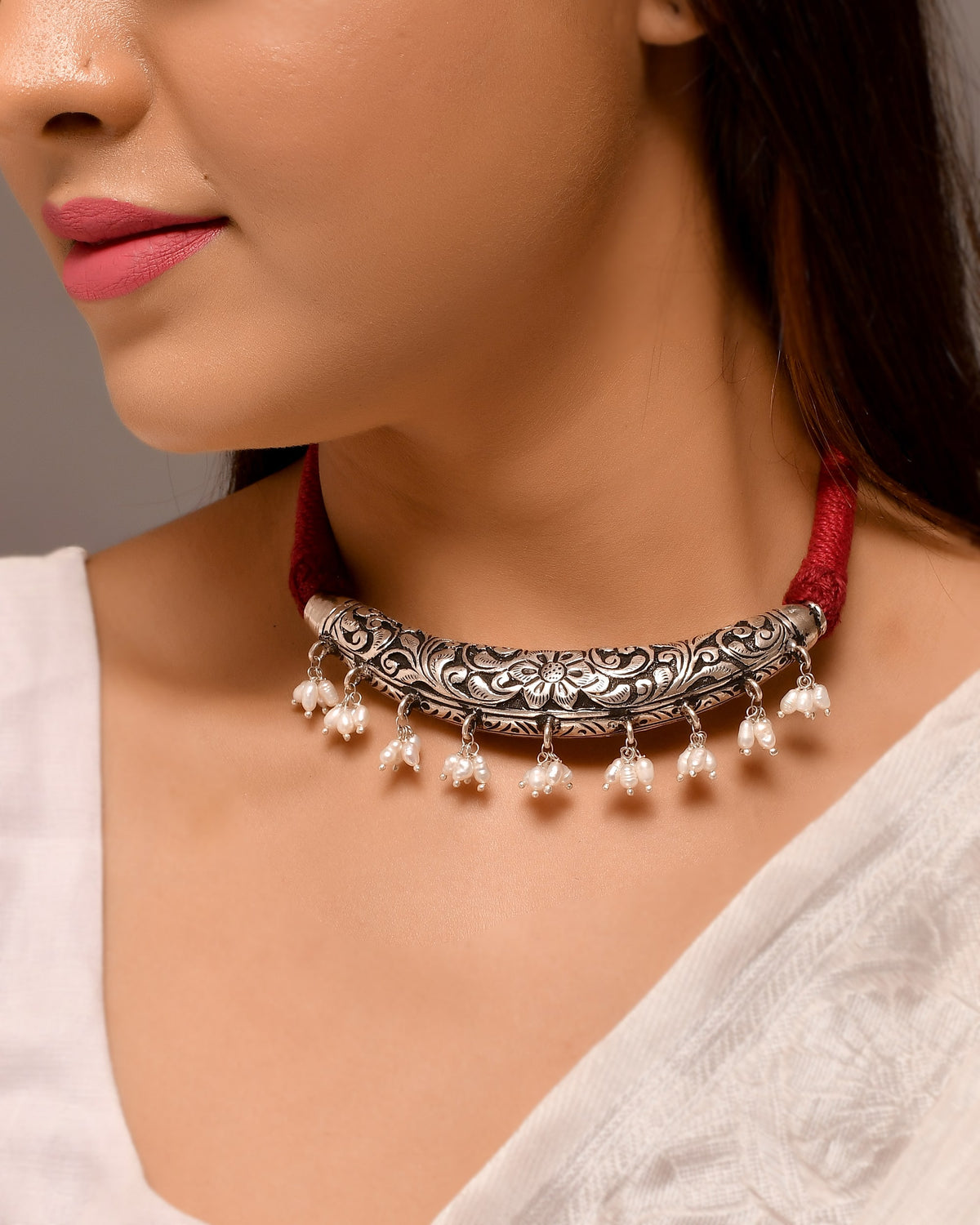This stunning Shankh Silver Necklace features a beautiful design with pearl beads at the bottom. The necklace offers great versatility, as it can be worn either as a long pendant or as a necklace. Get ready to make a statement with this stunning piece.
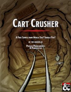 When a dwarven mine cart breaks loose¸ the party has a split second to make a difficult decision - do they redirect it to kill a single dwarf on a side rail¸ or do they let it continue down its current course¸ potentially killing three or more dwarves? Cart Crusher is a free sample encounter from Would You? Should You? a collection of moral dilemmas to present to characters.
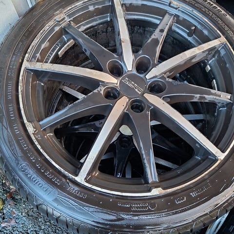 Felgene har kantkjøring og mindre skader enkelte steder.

...

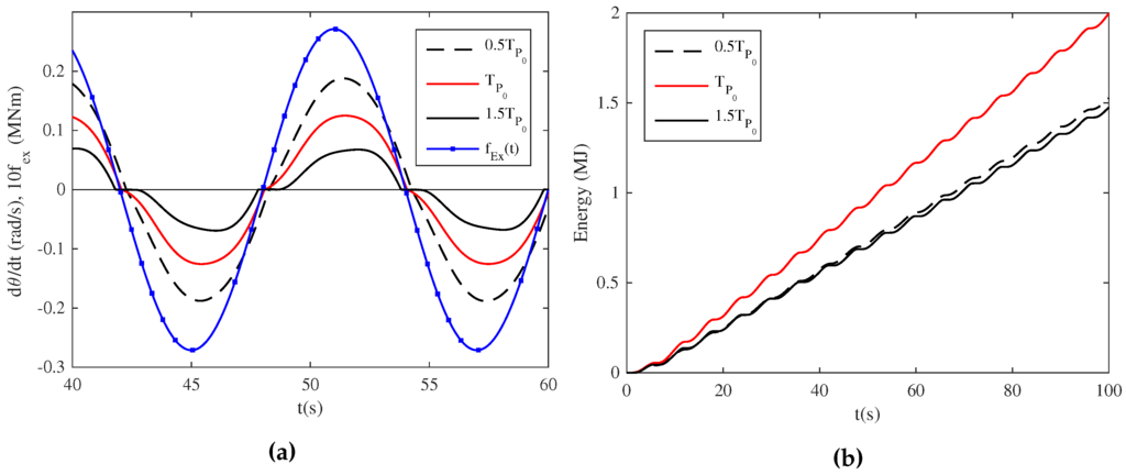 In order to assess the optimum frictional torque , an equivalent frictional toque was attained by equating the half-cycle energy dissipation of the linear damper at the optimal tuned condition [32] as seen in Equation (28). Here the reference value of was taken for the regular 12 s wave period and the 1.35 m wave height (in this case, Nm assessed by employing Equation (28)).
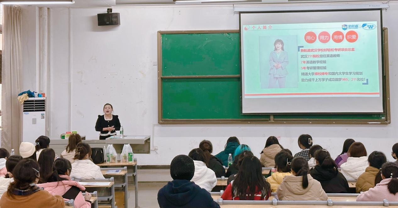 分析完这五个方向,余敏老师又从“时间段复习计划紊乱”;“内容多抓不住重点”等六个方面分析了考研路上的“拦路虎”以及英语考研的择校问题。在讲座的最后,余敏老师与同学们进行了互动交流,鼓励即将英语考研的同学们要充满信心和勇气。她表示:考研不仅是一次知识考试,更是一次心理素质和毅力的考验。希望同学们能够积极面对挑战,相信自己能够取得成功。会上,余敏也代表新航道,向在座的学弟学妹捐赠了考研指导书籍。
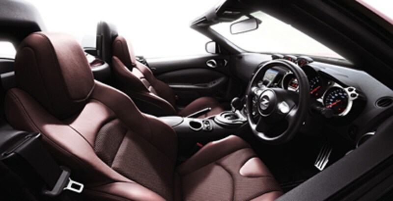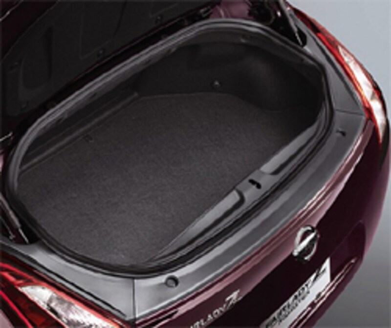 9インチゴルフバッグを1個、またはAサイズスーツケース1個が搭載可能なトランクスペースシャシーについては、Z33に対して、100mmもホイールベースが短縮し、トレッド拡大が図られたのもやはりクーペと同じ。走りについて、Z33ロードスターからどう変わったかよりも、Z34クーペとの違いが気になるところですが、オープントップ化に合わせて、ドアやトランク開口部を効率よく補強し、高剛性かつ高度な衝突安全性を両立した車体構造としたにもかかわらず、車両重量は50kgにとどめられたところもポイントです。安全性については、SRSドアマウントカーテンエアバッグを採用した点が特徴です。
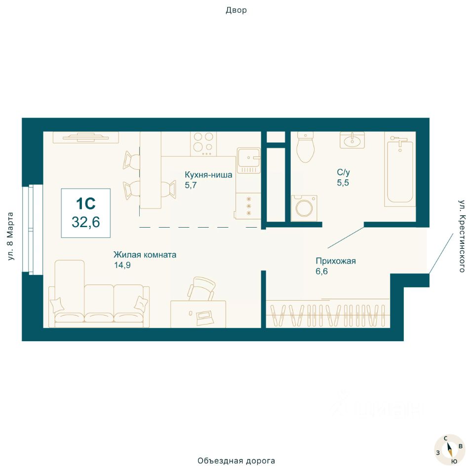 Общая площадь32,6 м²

## [EXERCISE]
Everything above from the line containing "This stunning Shankh" through the line containing "Felgene har kantkjøring" must be repeated exactly, and the pictures must be left out.

## [SOLUTION FOR THIS TASK]
This stunning Shankh Silver Necklace features a beautiful design with pearl beads at the bottom. The necklace offers great versatility, as it can be worn either as a long pendant or as a necklace. Get ready to make a statement with this stunning piece.
 When a dwarven mine cart breaks loose¸ the party has a split second to make a difficult decision - do they redirect it to kill a single dwarf on a side rail¸ or do they let it continue down its current course¸ potentially killing three or more dwarves? Cart Crusher is a free sample encounter from Would You? Should You? a collection of moral dilemmas to present to characters.
 Felgene har kantkjøring og mindre skader enkelte steder.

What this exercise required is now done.